Table 9.16. EERs and minimum decision cost achieved by the baseline (CMS only), Znorm, and zero-and first-order BSFT with different number of components M in the compact GMMs.
Compensation MethodSFT OrderMEqual Error Rate (%)Minimum Decision Cost
BaselineNANA12.020.0477
BSFTZeroth211.900.0473
BSFTZeroth411.820.0458
BSFTZeroth811.390.0449
BSFTZeroth1611.240.0450
BSFTZeroth3211.220.0450
BSFTZeroth6411.160.0443
BSFTFirst212.000.0506
BSFTFirst411.550.0471
BSFTFirst810.700.0464
BSFTFirst1610.470.0454
BSFTFirst3210.430.0446
BSFTFirst6410.000.0428
ZnormNANA10.390.0447
BSFT+ZnormFirst648.180.0369

Comparison with Other Models

It is of interest to compare BSFT with the short-time Gaussianization approach proposed in Xiang et al. [387] because both methods transform distorted features in the feature space and their transformation parameters are estimated by the EM algorithm. In short-time Gaussianization, a linear, global transformation matrix is estimated by the EM algorithm using the training data of all background speakers. The global transformation aims to decor-relate the features so that channel variations can be suppressed. The short-time Gaussianization achieves an EER of 10.84% in the NIST 2001 evaluation set [387], whereas BSFT achieves an EER of 9.26%,[9] which represents an error reduction of 14.58%. The minimum decision cost of BSFT is also lower than that of short-time Gaussianization (0.0428 versus 0.0440).

[9] Because Xiang et al. [387] did not use Znorm, their results should be compared with the one without Znorm here.

Computation Consideration

It can be argued that the inferior performance of short-time Gaussianization is due to the nonadaptive nature of its transformation parameters.
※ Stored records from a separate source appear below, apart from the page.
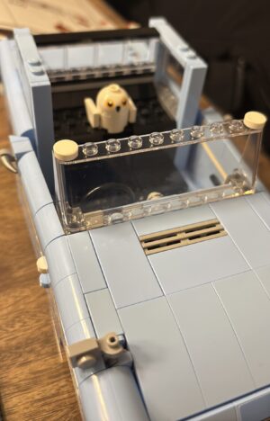 Ebenso enthalten sind 3 Figuren. Hedwig befindet sich im inneren auf dem Rücksitz. Ron und Harry dürfen natürlich vorne im Fahrzeug nicht fehlen. Bei den beiden handelt es sich jedoch nicht um typische Minifiguren. Sie sind größer und haben einzig eine Sitzfunktion und kommen mit witzigen Gesichtern daher.
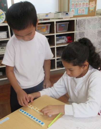 算数の授業では、1年生が「ミニ先生」になって友だちに教える活動に挑戦しました。自分ではわかっていても、「どう伝えればわかるかな?」「答えじゃなくて、やり方を教えるって難しい!」と、教える側の難しさを実感する場面もありました。それでも、仲間の隣に寄り添いながら、丁寧に説明しようとする姿がとても印象的でした。
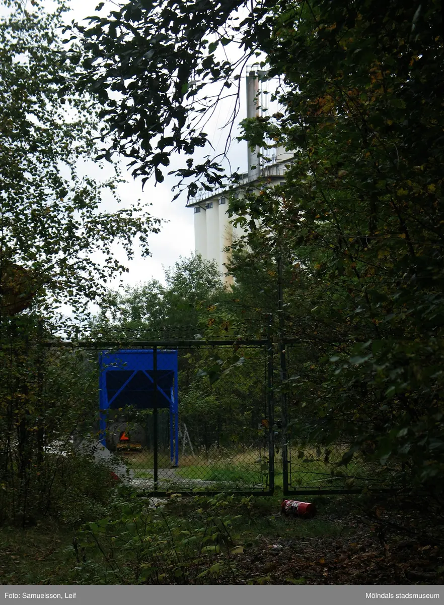 En låst grind in till Soabs industrianläggning i Mölndals Kvarnby, år 2007. På marken ligger en pulversläckare och en skylt. Bakom växtligheten skymtas silobyggnaden. Anläggningen användes vid fototillfället av Hexion Speciality Chemicals Sweden AB.
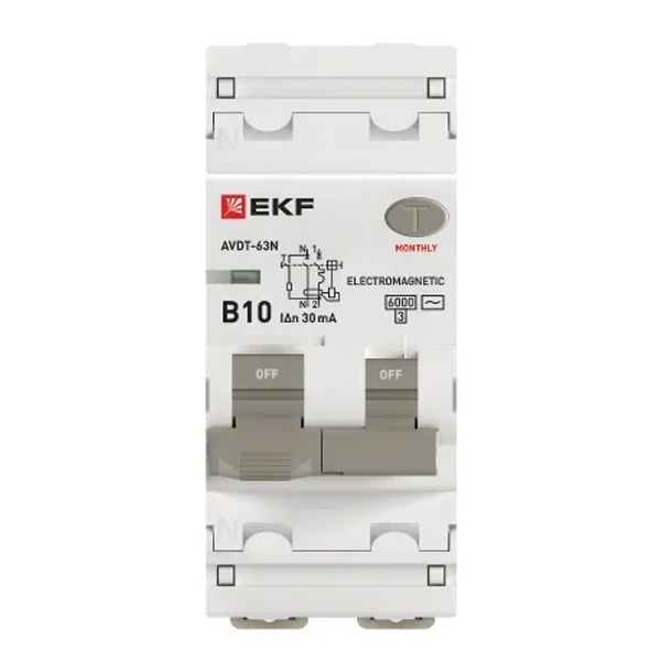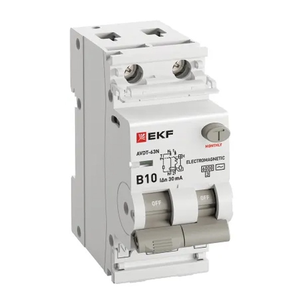 • Дифавтомат EKF PROxima АВДТ-63N 1P+N B10А 30мА тип АС однофазный электромеханический 6кА (дифференциальный автомат, АВДТ)
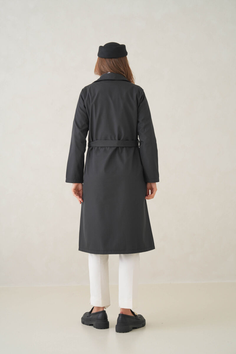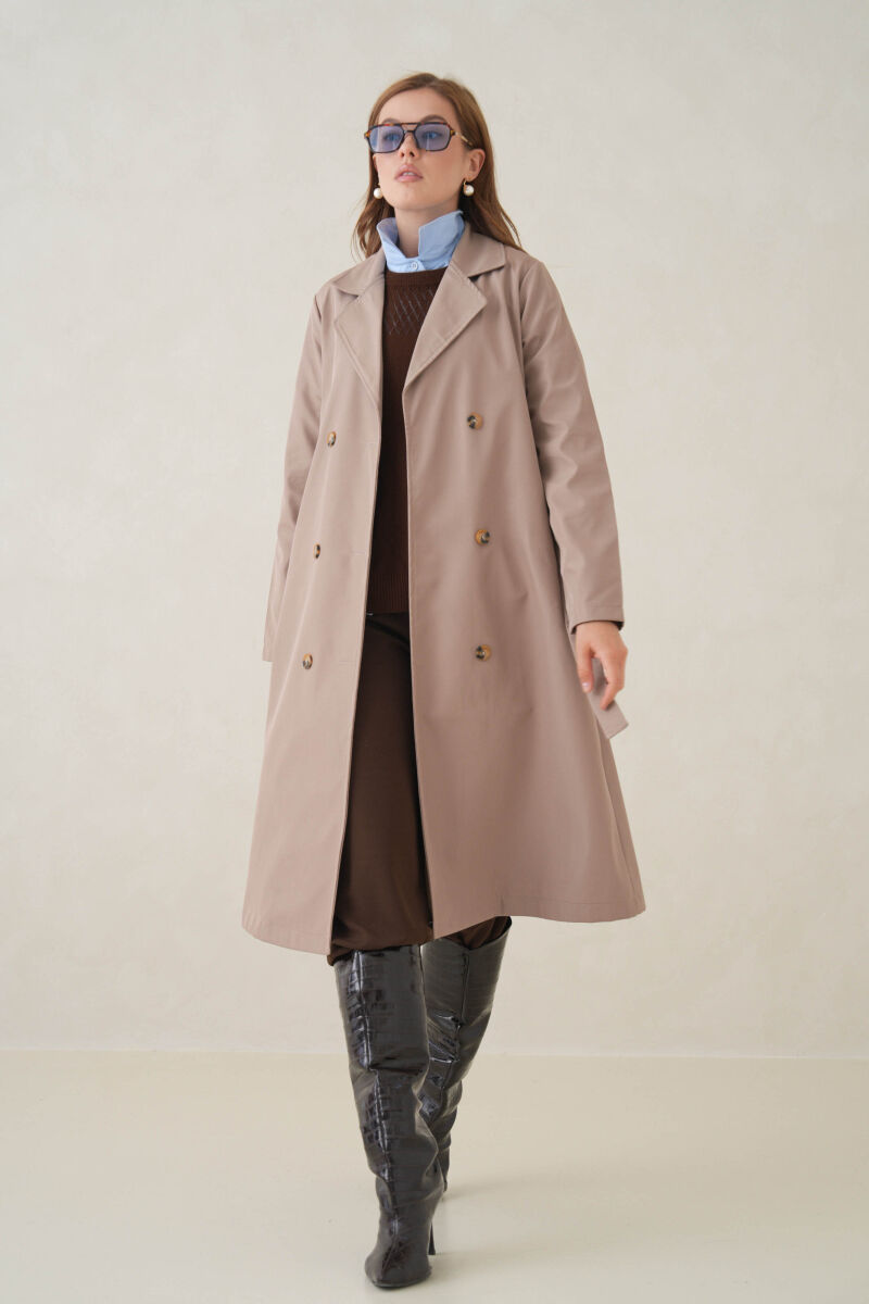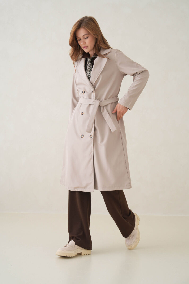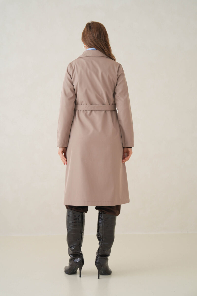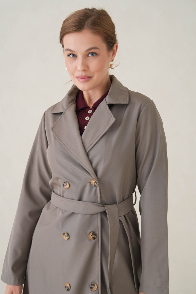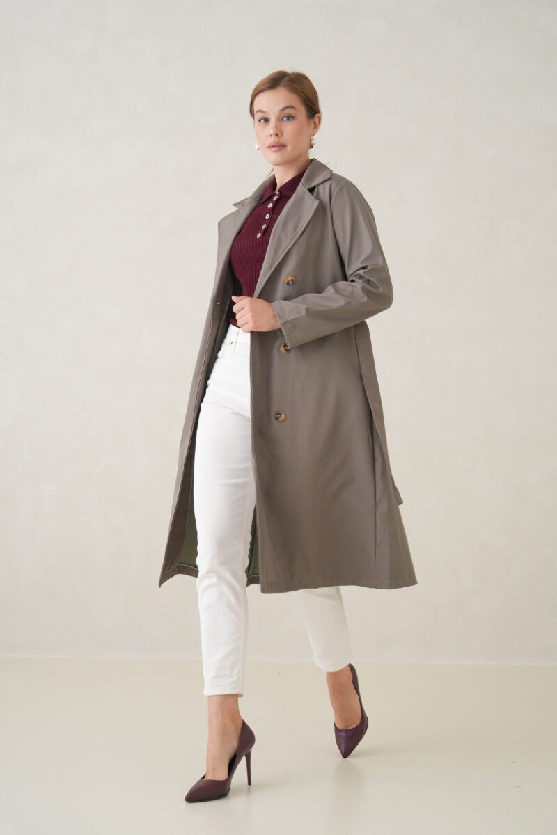Su Geçirmez Kruvaze Yaka Sık Dokuma Kadın Trençkot

However, the adaptive nature of BSFT comes with a computational price: different transformation parameters must be computed for each speaker in every verification session. Therefore, it is vital to have a cost-effective computation approach for BSFT. Note that the computation complexity of estimating BSFT parameters grows with the amount of adaptation data (i.e., the value of T in Eq. 9.5.1) and the number of mixture components in the GMMs (i.e., the value of M). To reduce computation time, M should be significantly smaller than N, the number of components in the full size speaker and background models. This is particularly important for the computation of BSFT parameters during the verification phase because the computation time of this phase is a significant part of the overall verification time. The evaluations suggest that a good tradeoff between performance and computation complexity can be achieved by using a suitable value of M.
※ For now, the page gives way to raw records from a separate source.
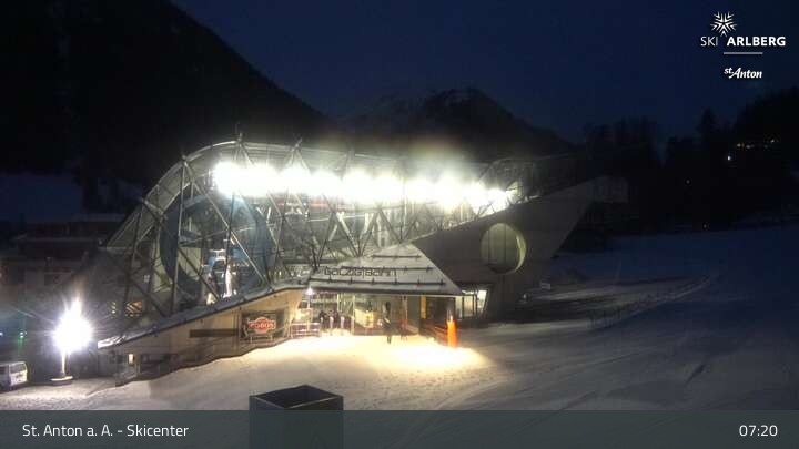 Diese Webcam zeigt dir den Blick vom Skicenter an der Talstation der Galzigbahn in St. Anton.
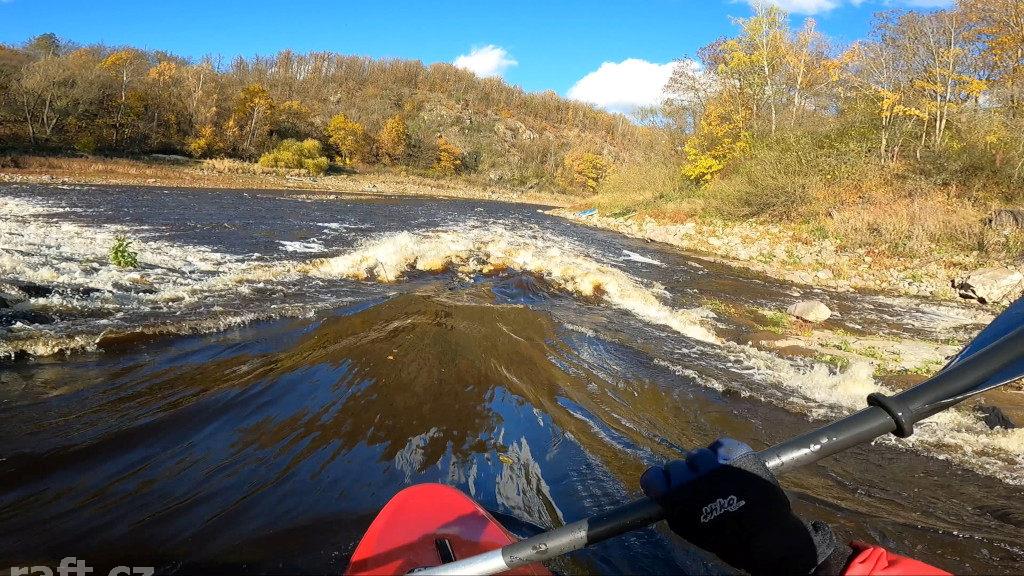 8.5.019 - pod žichovickým jezem to dře i prázdnou nafukovačku. Nepostrádá někdo loď? Asi 1,5 km nad ...
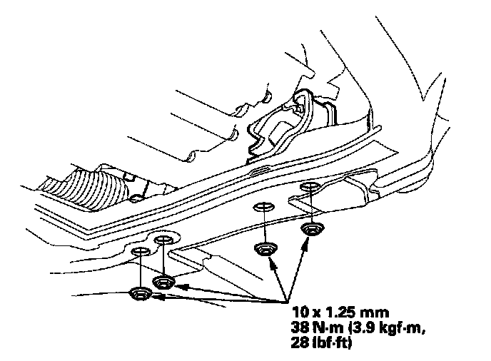 9. Lower the transmission, then install the transmission lower mount nuts.
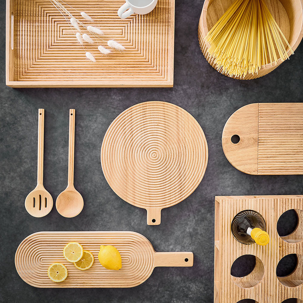 Ορθογώνιο ξύλο κοπής, κατασκευασμένο από ξύλο καουτσούκ. Έχει μπεζ χρώμα και ριγέ αυλακωτό σχέδιο. Απαλό στα μαχαίρια και ανθεκτικό στην κοπή. Ιδανικό για να κόβετε οποιαδήποτε τροφή χρειάζεστε χωρίς να αφήνετε χαρακιές στους πάγκους της κουζίνας σας. Διαθέτει τρύπα για να κρεμιέται. Με πιστοποίηση FSC 100% SCS-COC-000256. *Λόγω της φυσικής του κατάστασης είναι πιθανό να παρουσιάσει μικρές διαφορές στο χρώμα.* Συνδυάστε το με τα υπόλοιπα είδη του ίδιου σετ για ένα ολοκληρωμένο αποτέλεσμα στο χώρο σας.

9.5.2. Integration of Blind and Supervised Compensation

The blind compensation method discussed before is designed to handle handsets that are unknown to the speaker verification system. However, estimating BSFT parameters online requires additional computation during the verification phase. One possible solution to reducing computation without scarifying the advantages of blind compensation is to precompute the transformation parameters of some commonly used handsets and store them in a handset database; during verification, the most appropriate transformation parameters are selected from the database if the handset being used is detected to be one of the a priori known models. In this case, the supervised compensation approach discussed in Section 9.4.2 can be adopted. This paves the way for an integrated approach, combining blind and supervised compensation techniques. Figure 9.26 illustrates how blind and supervised compensation can be integrated into a speaker verification system. This integrated approach can enjoy the best of two worlds: (1) whenever a known handset is detected, precomputed transformation parameters can be used; and (2) should the handset being used be unknown to the system, the system can compute the transformation parameters online using blind or unsupervised techniques.

Figure 9.26. Integration of blind and supervised compensation methods.